Jetzt, wo die Briten ihren Scheidungsbrief bei der EU eingereicht haben - Theresa May hatte den Anstand, die Scheidung offiziell erst nach dem Jubiläumsgipfel von Rom zu beantragen - kann das europapolitische Leben endlich wieder seinen gewohnten Gang gehen, wenigstens bis zum 23. April, wenn die Franzosen im ersten Wahlgang wählen gehen.

Derweil sich die Luxemburger Grünen nach der offiziellen EU-Austrittserklärung in Schwarzmalerei üben, und befürchten, dass die nun anstehenden Verhandlungen das Potenzial hätten, „den Einfluss von rechtspopulistischen Parteien im Rest von Europa noch weiter zu befeuern“ und niemand voraussehen könne, wie schädlich der Prozess für beide Parteien werden könnte, gab EU-Kommissionschef Juncker gestern auf dem Kongress der Europäischen Volkspartei in Malta den Zweckoptimisten. Der Brexit sei nicht das Ende von allem, sondern der Anfang eines Neubeginns in Europa, der Anfang von etwas Neuem, Größerem, Stärkeren. Statt ständig die Kommission zu prügeln, heiße es jetzt, den Kopf einzuschalten und den Mund aufzumachen, sagte Juncker.

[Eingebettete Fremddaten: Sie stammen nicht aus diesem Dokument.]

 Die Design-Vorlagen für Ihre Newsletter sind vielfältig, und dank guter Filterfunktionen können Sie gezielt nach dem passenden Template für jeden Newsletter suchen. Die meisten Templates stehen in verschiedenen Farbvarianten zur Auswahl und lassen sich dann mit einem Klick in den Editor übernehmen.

Tatsächlich hat der Brexit-Schock die verbleibenden EU-Mitgliedstaaten wieder dazu gebracht, näher zusammenzurücken, wobei selbige Mitgliedsländer sich aber jetzt auch einer Realitätsprüfung unterziehen müssen, wie die Londoner „Times“ schreibt. Das Ende der Union würde wohl erst ein Wahlgewinn von Marine Le Pen bei unseren französischen Nachbarn bedeuten, aber auch in einem solchen Fall würden sich die verbleibenden EU-Mitglieder wahrscheinlich noch auf eine Lösung einigen können, findet die EU, wenn es wirklich ernst wird, doch irgendwie immer eine Lösung.

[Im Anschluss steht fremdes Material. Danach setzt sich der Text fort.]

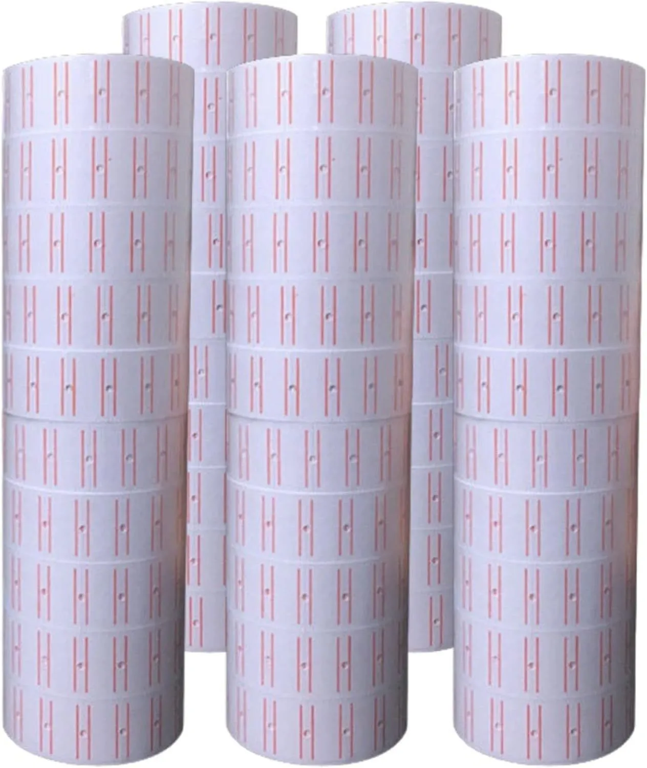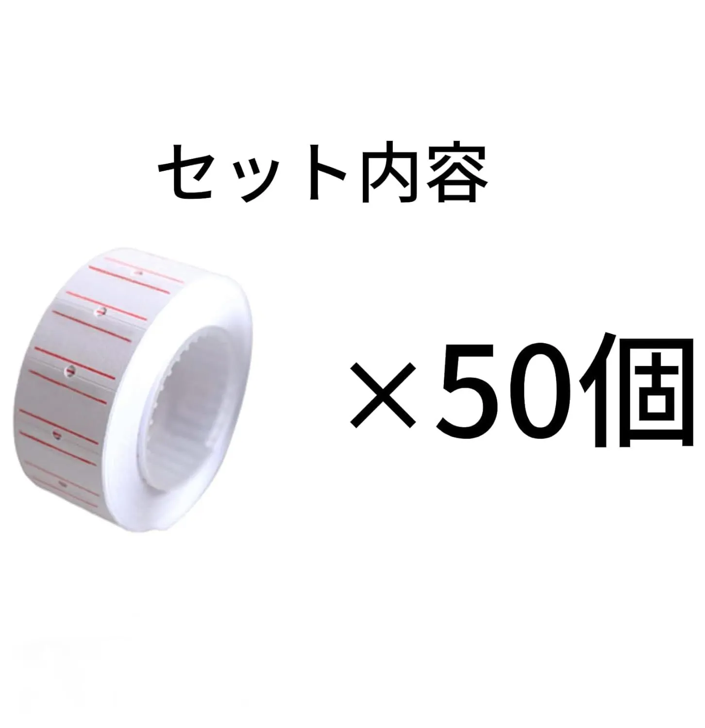 本商品は、ラベルのみとなります。値札ラベル 10巻×5本セット。赤二本線 タイプ

Streit dürfte jedoch erst einmal um die 60 Milliarden Euro entbrennen, die Brüssel nun vom Vereinigten Königreich fordert, sei Großbritannien doch als EU-Mitglied Verpflichtungen eingegangen, für die es auch einstehen müsse, wie es vonseiten der EU-Kommission heißt. „Das ist, als würden Sie in der Kneipe eine Runde Bier für 27 Freunde ausgeben und dann verschwinden wollen“, umschrieb das Ganze kürzlich ein Sprecher der EU-Behörde. Dann erwarte auch jeder, „dass sie die Runde, die Sie bestellt haben, noch bezahlen“. Für die Briten selbst stand nämlich immer nur das Geld im Mittelpunkt der Beziehungen mit der EU, wie unter anderem die „I want my money back“-Sonderwünsche der früheren britischen Premierministerin Thatcher deutlich machen.

Ersten Ärger zwischen der EU und London nach dem Brexit-Startschuss gab es indes gestern in Bezug auf die künftige Sicherheitszusammenarbeit, hatte May doch in ihrem Scheidungsbrief erklärt, dass „unsere Kooperation im Kampf gegen Kriminalität und Terrorismus geschwächt wäre“, sollte es keinen Deal geben - eine kaum versteckte Drohung an die Adresse der EU.

Dann gibt es aber auch eine gute Nachricht im Zusammenhang mit dem Brexit, brachte sich Luxemburg doch gestern als neuer Standort für die Europäische Bankenaufsicht ins Rennen. Die Versicherungsbörse „Lloyd’s of London“, wo Luxemburg ebenfalls im Gespräch war, entschied sich ihrerseits für Brüssel, um künftig Geschäfte in der EU machen zu können...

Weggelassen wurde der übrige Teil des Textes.